Give again, word for word, the lines below that run from the line with "Rouleau 0,53x10,05 m, Raccord" through the line with "304不锈钢锁门挂锁户外防水防锈大小锁带钥匙防盗锁头柜子锁电箱". Drop the pictures.

The data —
********************
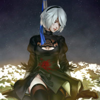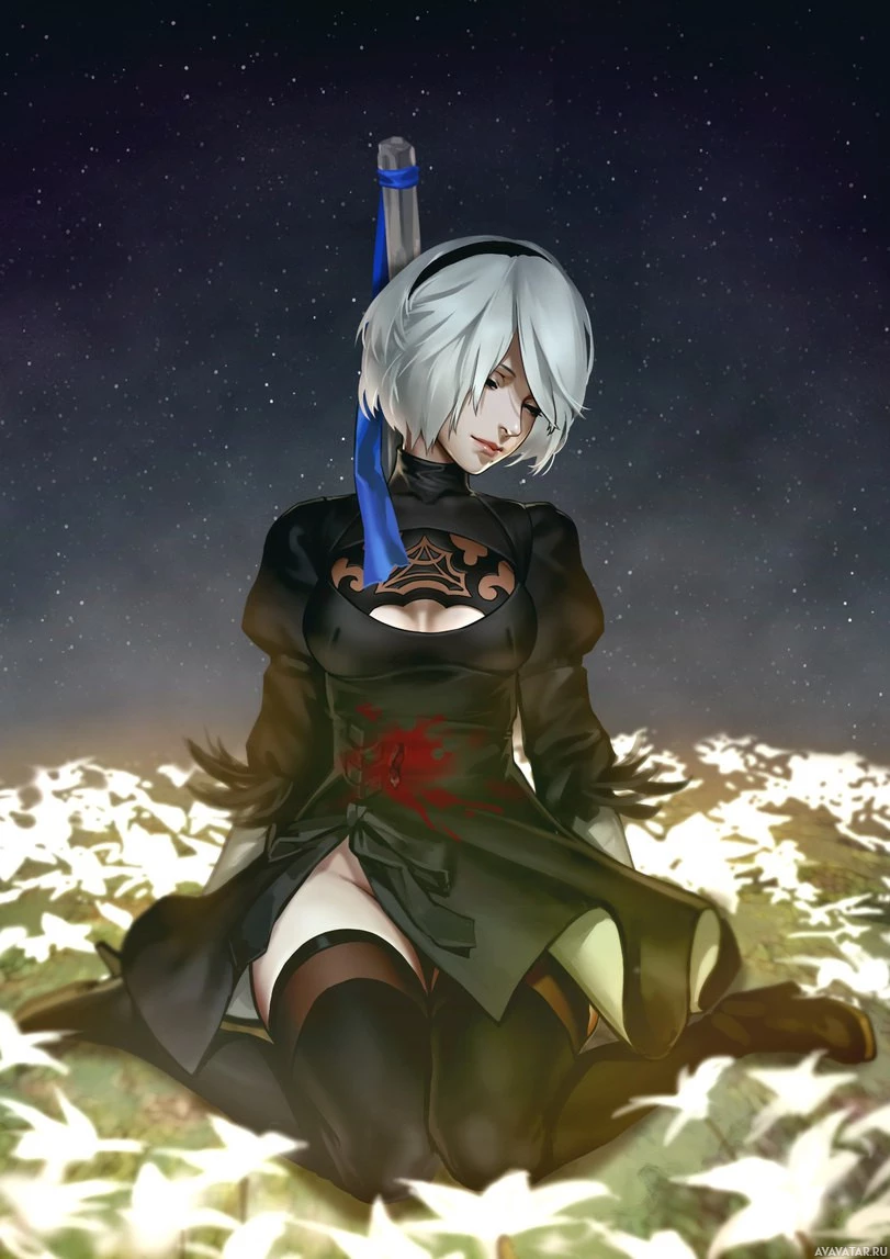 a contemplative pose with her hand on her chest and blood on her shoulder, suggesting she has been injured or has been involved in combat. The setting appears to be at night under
********************
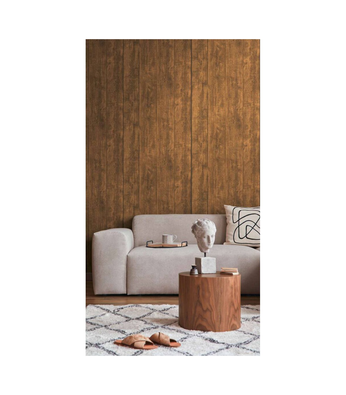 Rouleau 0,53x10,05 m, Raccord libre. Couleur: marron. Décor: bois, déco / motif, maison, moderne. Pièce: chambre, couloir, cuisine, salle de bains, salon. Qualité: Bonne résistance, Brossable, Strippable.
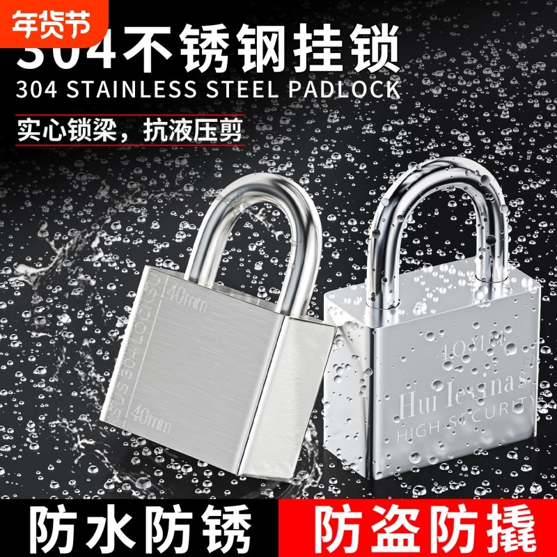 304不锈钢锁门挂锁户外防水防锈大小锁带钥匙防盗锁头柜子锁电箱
********************
Answer section —
 Rouleau 0,53x10,05 m, Raccord libre. Couleur: marron. Décor: bois, déco / motif, maison, moderne. Pièce: chambre, couloir, cuisine, salle de bains, salon. Qualité: Bonne résistance, Brossable, Strippable.
 304不锈钢锁门挂锁户外防水防锈大小锁带钥匙防盗锁头柜子锁电箱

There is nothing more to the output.